Engineering Contradictions & Design Principles
Engineering Contradiction Analysis
1Ease of operation
If beamforming systems select sources based solely on largest activity, then the system is simple to operate, but interference sources are incorrectly treated as desired sources
Solution Approach 1:
The system changes the parameters used for source selection from simple activity level to a composite score based on multiple features including activity, persistency, mobility, and energy. This allows the beamformer to distinguish between desired speech sources and interference sources by evaluating multiple characteristics rather than relying on a single parameter.
Solution Approach 2:
The patent introduces an intermediary scoring mechanism that evaluates multiple features before making beam steering decisions.
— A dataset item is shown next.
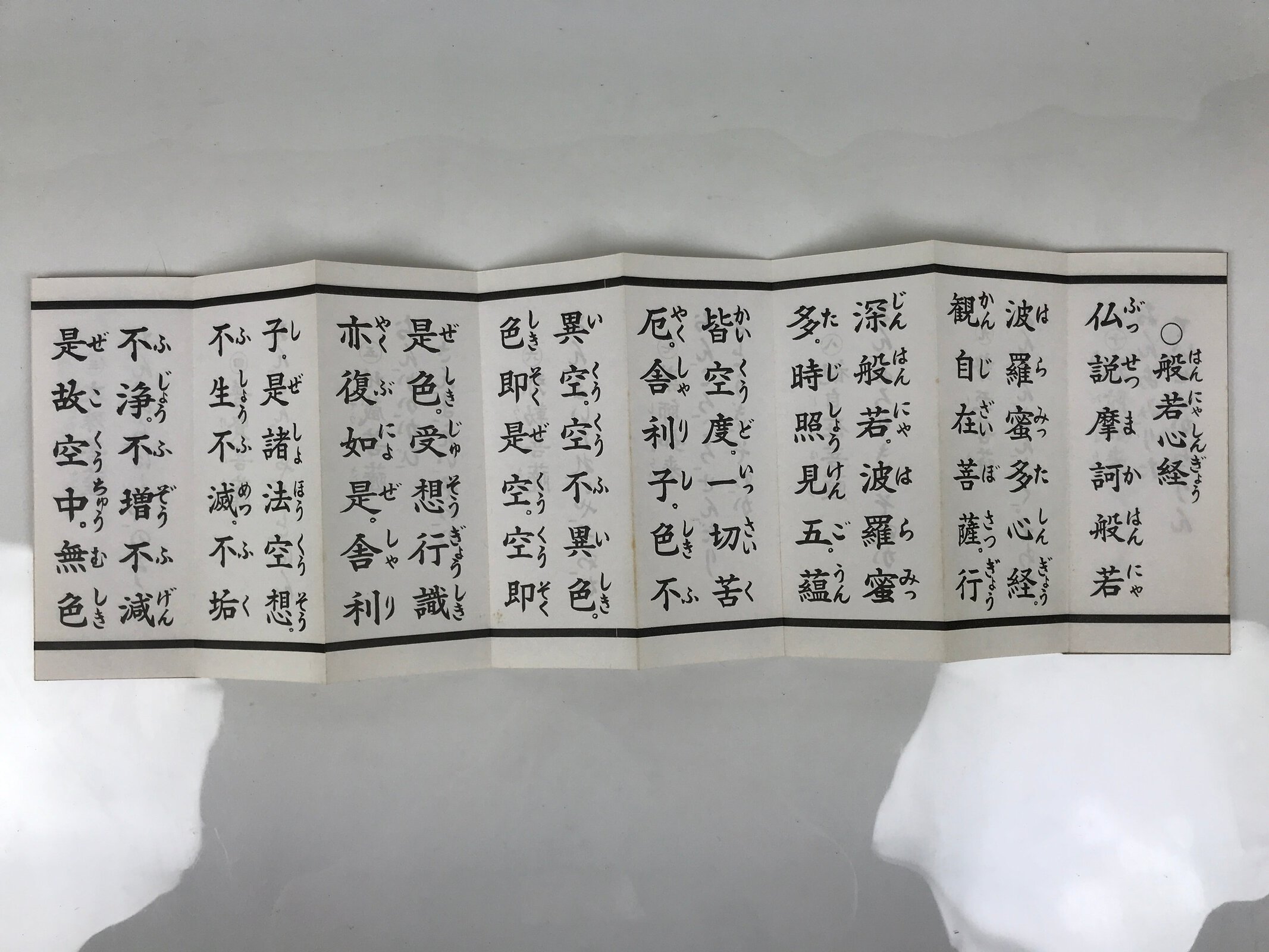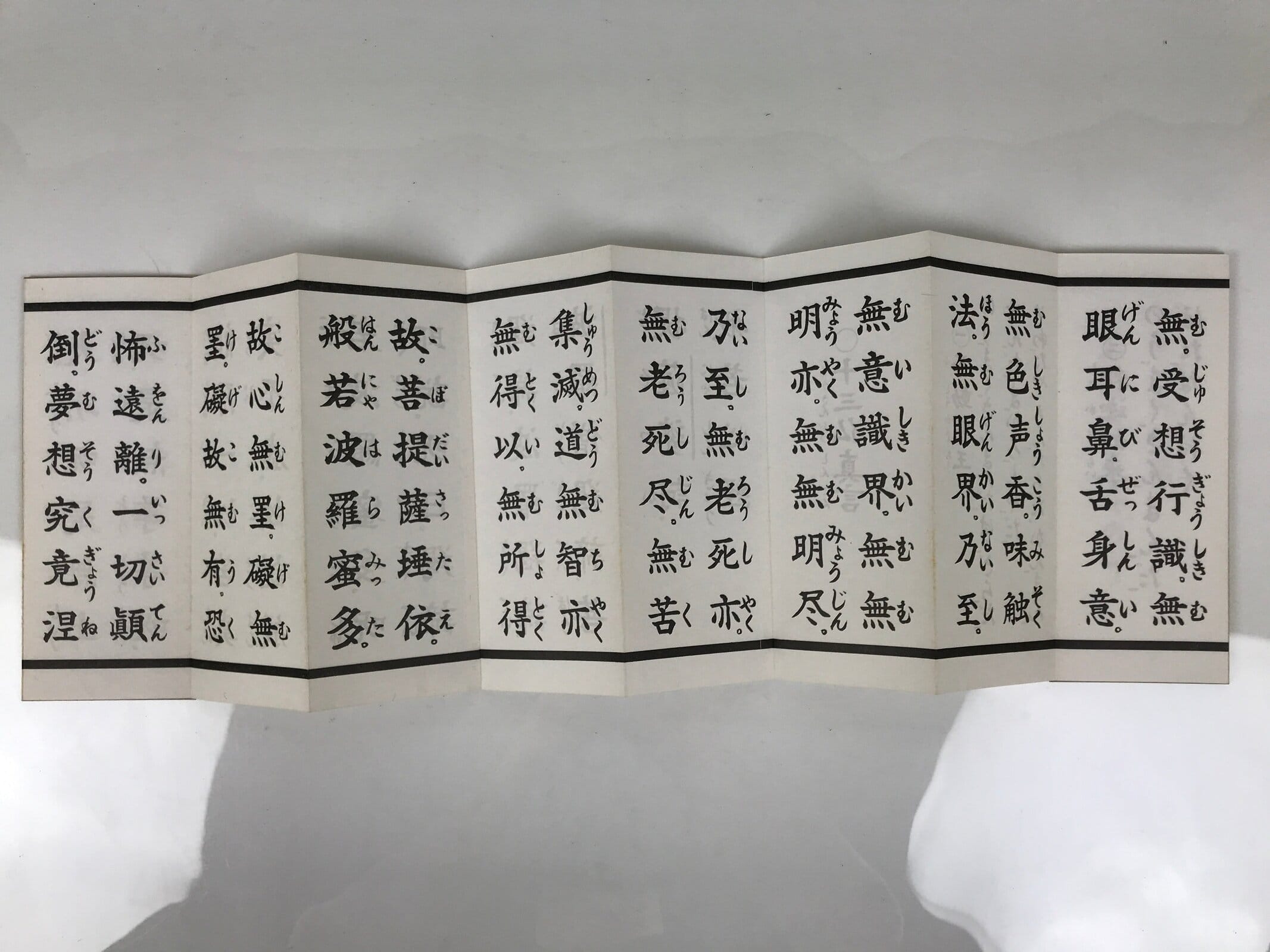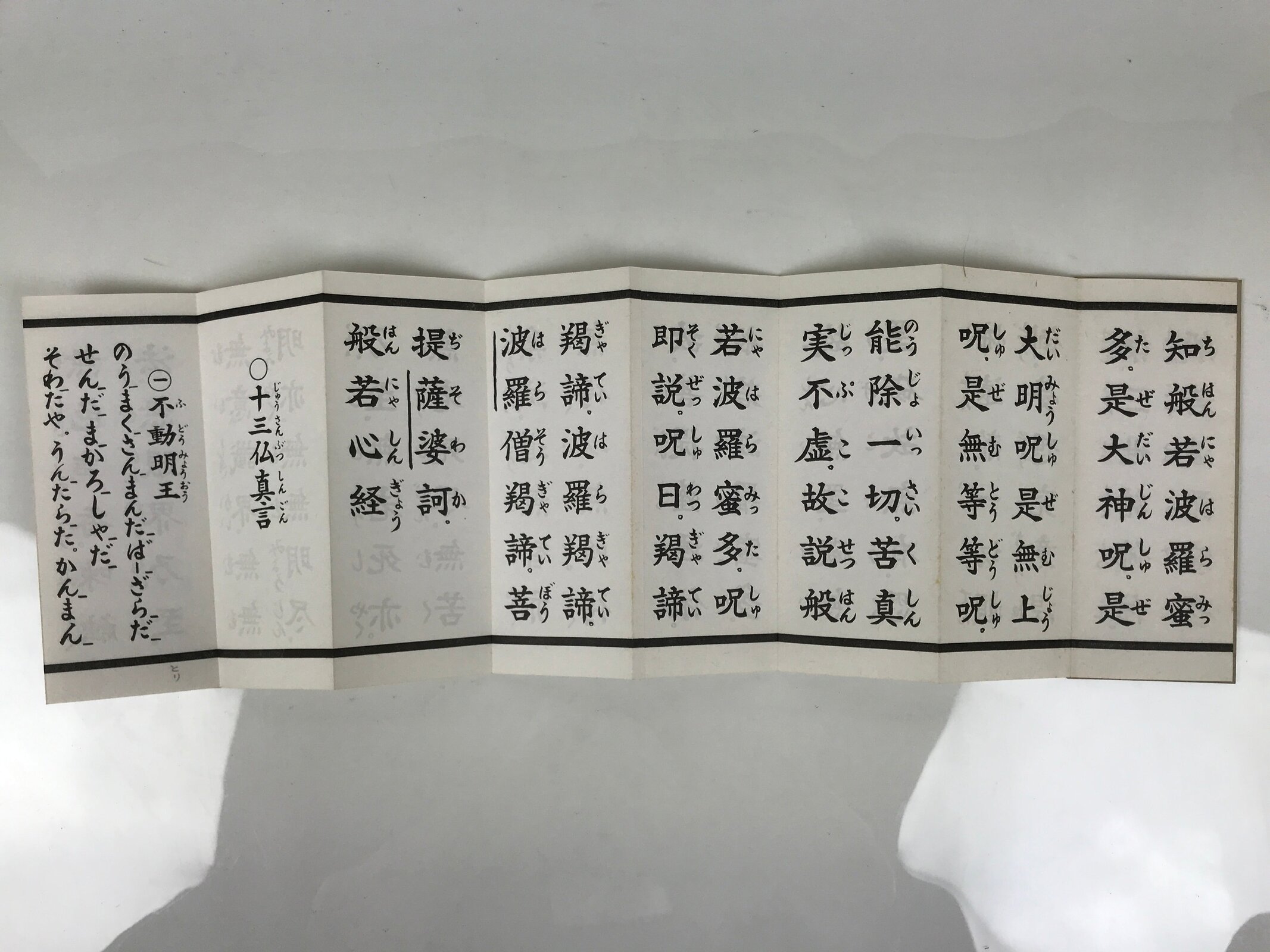 This vintage Japanese Buddhist accordion-style book is called Butsuzen Gongyo Shidai and contains several Buddhist texts such as the Heart Sutra (Hannya Shingyo). This book is from Idoji Temple., the 17th temple of the Shikoku Sacred Places pilgrimage. This book has a purple-blue cover. The pages are printed on both sides.

This intermediary layer processes source characteristics and produces a composite score that guides the beamformer, preventing direct selection based solely on activity level and enabling more accurate source identification.
2Measurement precision
If multiple features are evaluated for each source, then source identification accuracy is improved, but computational complexity increases
Solution Approach 1:
The system segments the source evaluation process into distinct feature extraction steps (activity, persistency, mobility, energy) that can be computed independently and then combined. This modular approach allows for efficient processing by breaking down the complex evaluation into manageable components that can be calculated and integrated systematically.
3Reliability
If feature-based scoring is implemented, then interference rejection is improved, but processing time increases
Solution Approach 1:
The system performs preliminary evaluation of source features (activity, persistency, mobility, energy) before the beamforming decision is made. By pre-computing these features and combining them into a composite score in advance, the system reduces the processing time required during actual beam steering operations, as the scoring framework is already established and ready for rapid decision-making.
Data Source
AI summary
A method, computer program product, and computer system for identifying, by a computing device, a plurality of sources. One or more feature values of a plurality of features may be assigned to a first source of the plurality of sources. One or more feature values of the plurality of features may be assigned to a second source of the plurality of sources. A first score for the first source and a second score for the second source may be determined based upon, at least in part, the one or more feature values assigned to the first source and the second source. One of the first source and the second source may be selected for spatial processing based upon, at least in part, the first score for the first source and the second score for the second source.